> **Action item**:
Please return only the lines between the line with "看到老人们年事已高,总书记上" and the final line of the entries, both included, and exclude pictures.

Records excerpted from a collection
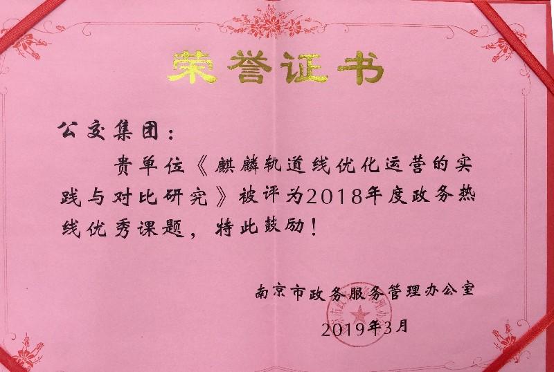 2019年6月28日,南京公交集團(tuán)捧回2018年度市12345政務(wù)熱線工作先進(jìn)單位獎牌,《麒麟軌道線優(yōu)化運營的實踐與對比研究》榮獲了南京市政務(wù)辦唯一一個優(yōu)秀課題獎。
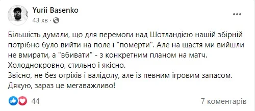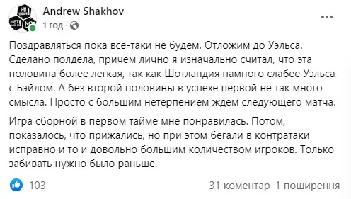 Заступник головреда журналу Футбол Андрій Шахов, попри весь позитив, не поспішає радіти і застерігає: попереду – Уельс, опонент серйозніший від шотландців. Та й сили у першому турі Ліги націй проти Польщі свідомо економились.
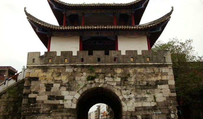 四牌樓,位于宜州區(qū)一中東側(cè),建于乾隆二十五年,時稱“會魁樓”,又稱“四牌樓”。此樓位于十字路口,形成東西南北四個門洞,內(nèi)外相通。四牌樓樓高三層,一樓全用大型細鑿條石砌成,呈四方形,工藝精巧。邊長11.5米,四面拱門各高3.9米,寬3.5米。二三樓為木質(zhì)結(jié)構(gòu)的重檐樓閣,紅漆圓柱,飛彩流丹,古樸莊重。“文革”中二三樓被拆毀,只存有一樓拱洞石門,樓上建筑及額匾碑刻已不復(fù)存在。
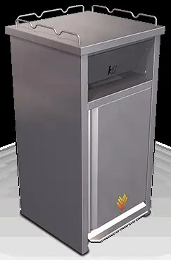 Fabricado totalmente con acero inoxidable. Sistema patentado de pedal. Permitirá al usuario abrir la trampilla sin necesidad de usar las manos. La trampilla también se puede abrir con la mano en caso de requerirlo. Las varillas de la parte superior del mueble facilitan la colocación de las bandejas. La tolva de caída de los desperdicios es de una sola pieza y no posee juntas ni huecos, lo que facilita la limpieza. Asa de la puerta ergonómica. El contenedor posee dos ruedas, lo que permite desplazarlo con poco esfuerzo. Provisto de dos tacos regulables en altura para adaptarse a cualquier clase de suelo, evitando desplazamientos accidentales o no deseados. Insonorizado en todas sus piezas.
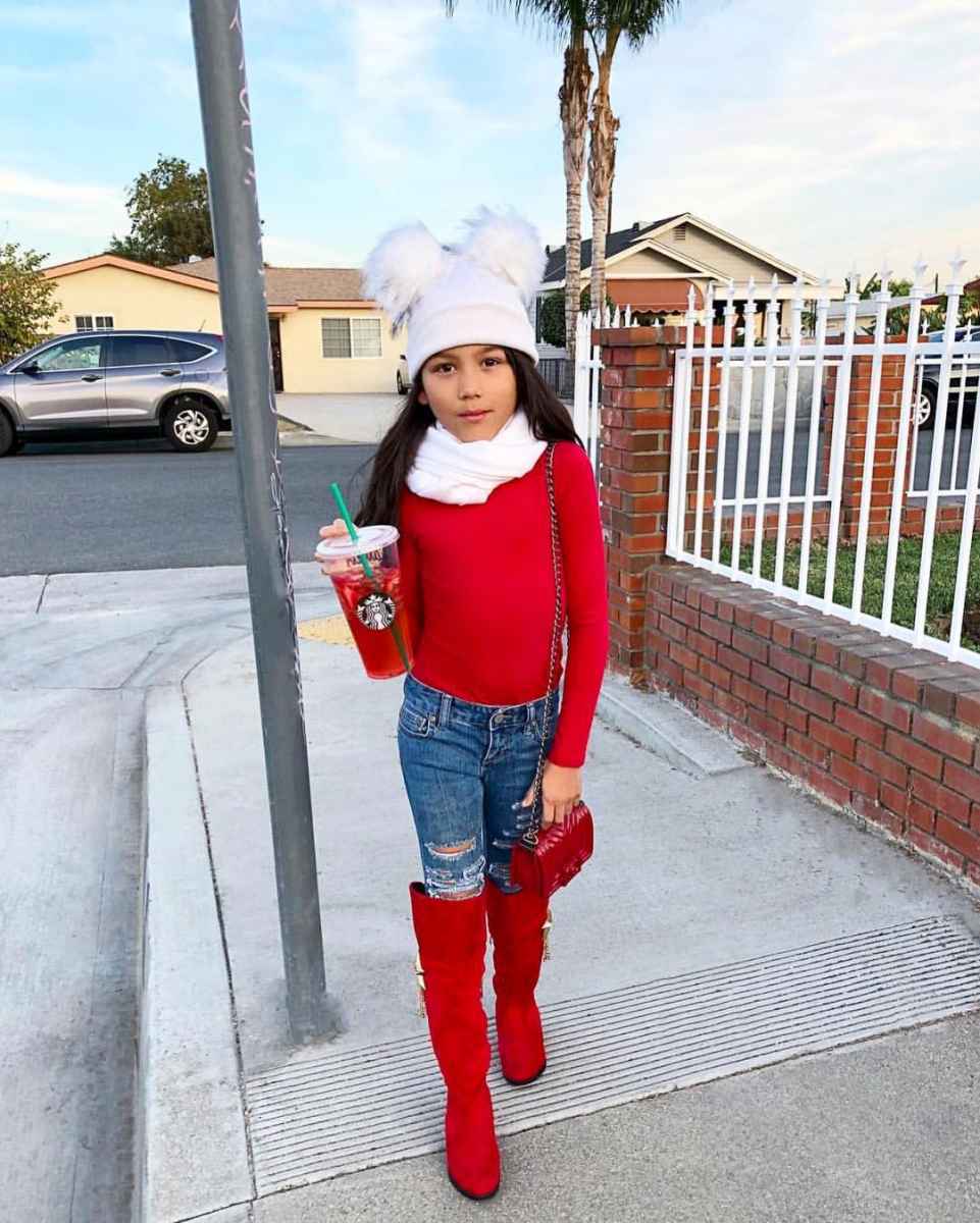 - обувь – в тренде кеды, кроссовки, сапоги, ботинки только в двух тонах – черном и белом. Остальные расцветки: фиолетовый, бордовый, синий также имеют право присутствовать в детском образе, но сочетать их с верхней одеждой будет сложнее.
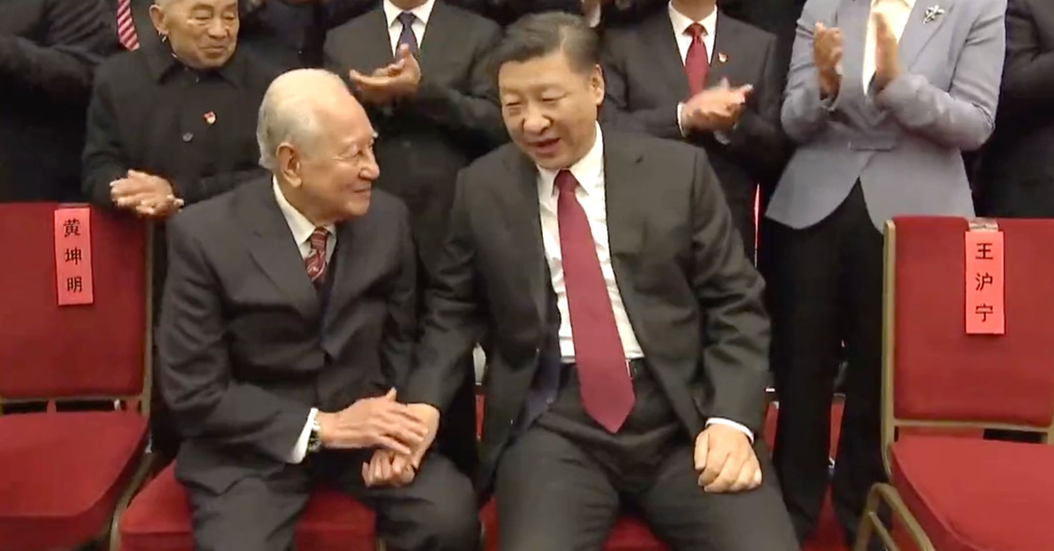 看到老人们年事已高,总书记上前挪开前排的椅子,握住黄老的手,邀请他坐到自己身旁。“你们这么大岁数,身体还不错。你们别站着了,到我边上坐下。”
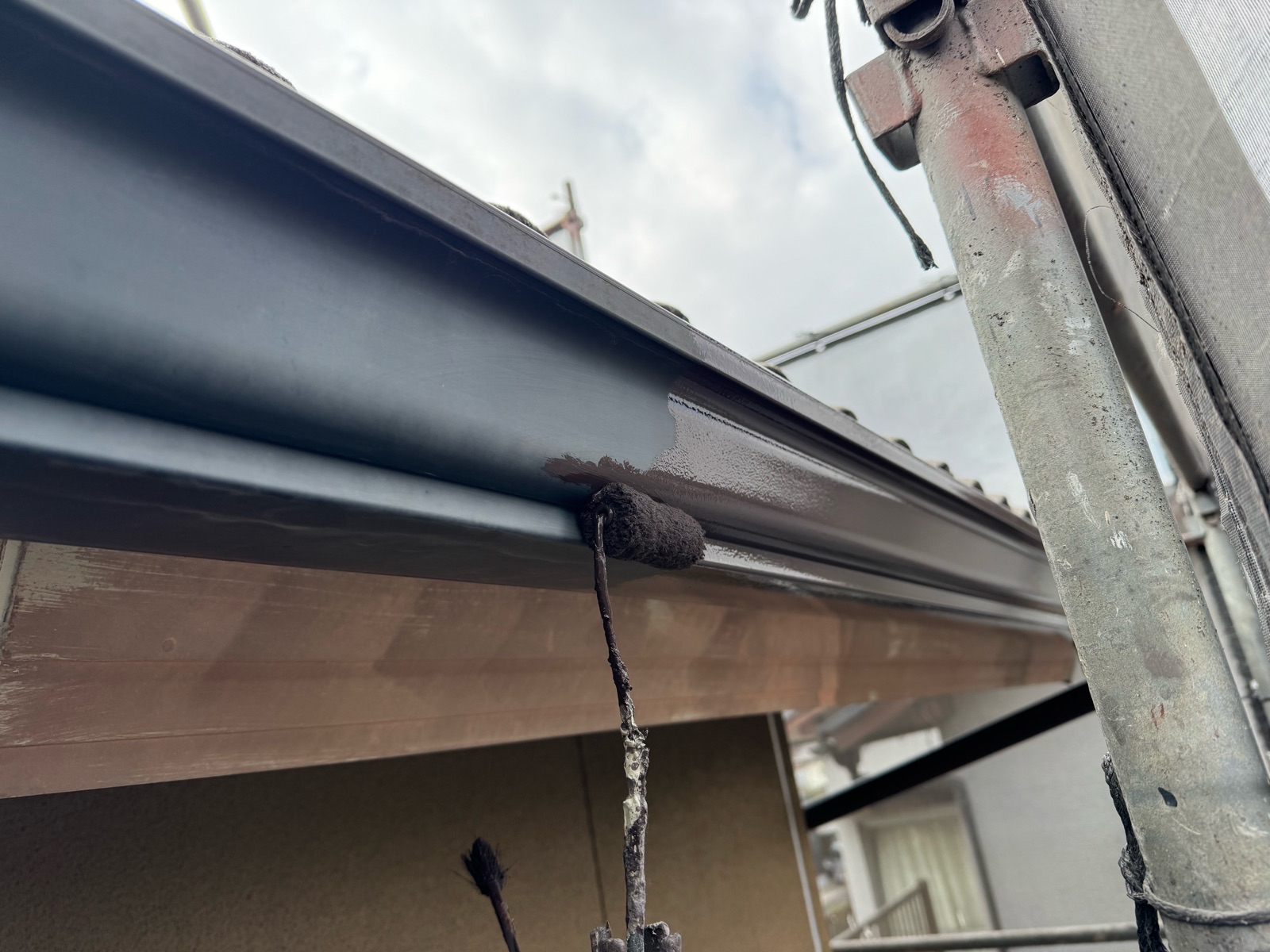 雨樋塗装、鼻隠し・破風板塗装 1回目の様子です
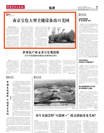 近日,由南京寶色股份公司制造的63臺(tái)套大型反應(yīng)器、換熱器、塔器、儲(chǔ)罐及管道等設(shè)備陸續(xù)發(fā)往美國(guó),這是南京寶色股份公司首次承接的國(guó)外大型PTA項(xiàng)目,標(biāo)志著南京寶色股份公司的制造能力得到進(jìn)一步提升。
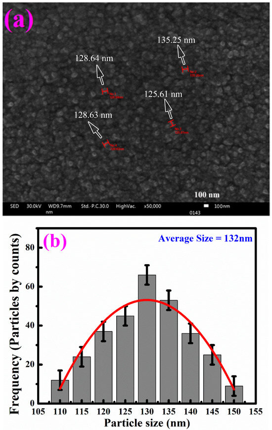 The morphological investigations of the prepared SnSe thin film were carried out using FESEM. From the FESEM image in Figure 5a, it is detected that the deposited thin film is uniformly deposited on the whole surface and is smooth without cracks. Furthermore, the micrographs of the thin films exposed almost regular nano-sized granular shape grains closely packed together to form bigger spherical structures. The grain size dispersion exposed that the average size is 132 nm, as measured with ImageJ software and shown in Figure 5b.
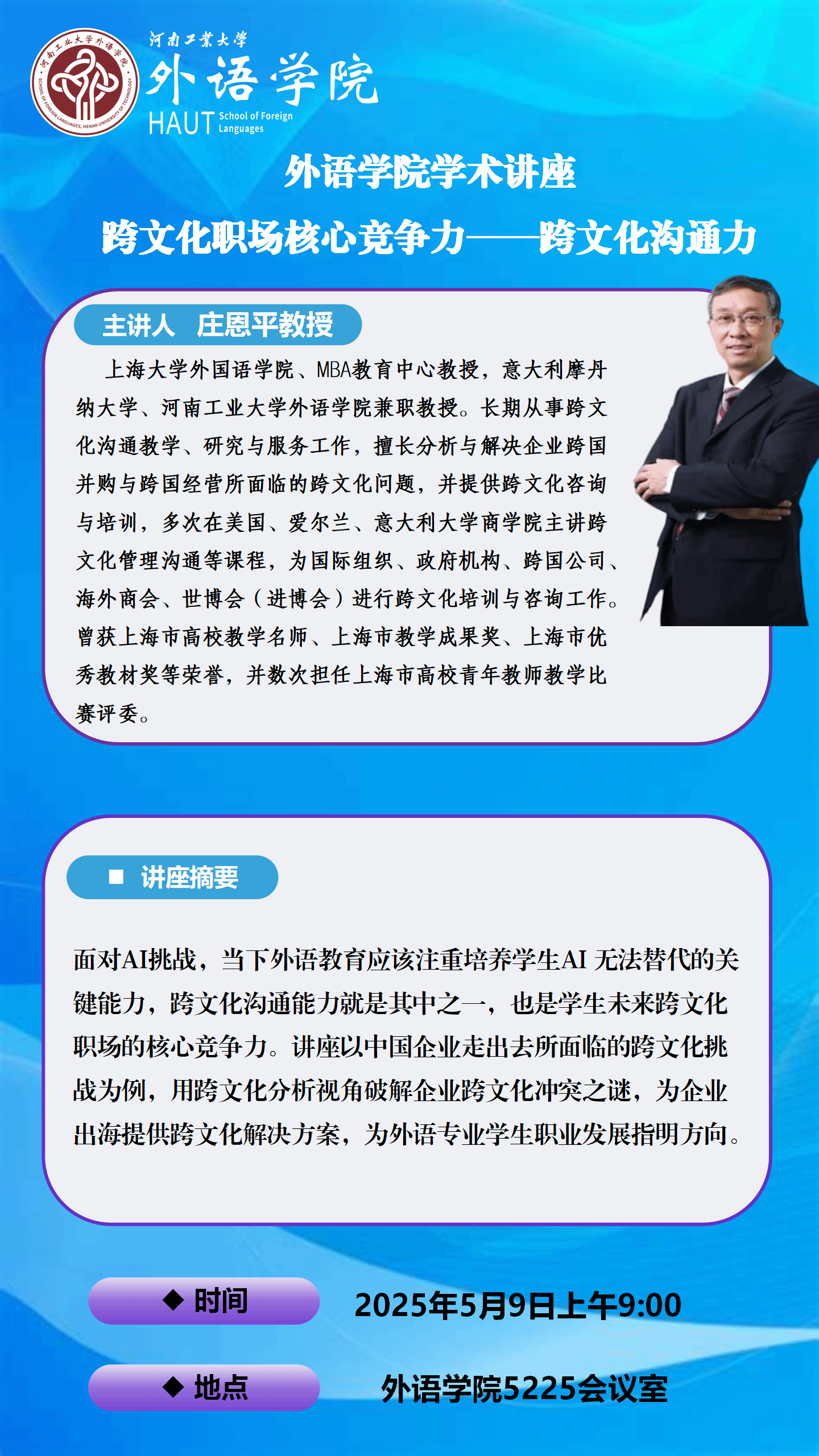 外語學(xué)院學(xué)術(shù)講座:跨文化職場核心競爭力——跨文化溝通力

> **Response for this exercise**:
 看到老人们年事已高,总书记上前挪开前排的椅子,握住黄老的手,邀请他坐到自己身旁。“你们这么大岁数,身体还不错。你们别站着了,到我边上坐下。”
 雨樋塗装、鼻隠し・破風板塗装 1回目の様子です
 近日,由南京寶色股份公司制造的63臺(tái)套大型反應(yīng)器、換熱器、塔器、儲(chǔ)罐及管道等設(shè)備陸續(xù)發(fā)往美國(guó),這是南京寶色股份公司首次承接的國(guó)外大型PTA項(xiàng)目,標(biāo)志著南京寶色股份公司的制造能力得到進(jìn)一步提升。
 The morphological investigations of the prepared SnSe thin film were carried out using FESEM. From the FESEM image in Figure 5a, it is detected that the deposited thin film is uniformly deposited on the whole surface and is smooth without cracks. Furthermore, the micrographs of the thin films exposed almost regular nano-sized granular shape grains closely packed together to form bigger spherical structures. The grain size dispersion exposed that the average size is 132 nm, as measured with ImageJ software and shown in Figure 5b.
 外語學(xué)院學(xué)術(shù)講座:跨文化職場核心競爭力——跨文化溝通力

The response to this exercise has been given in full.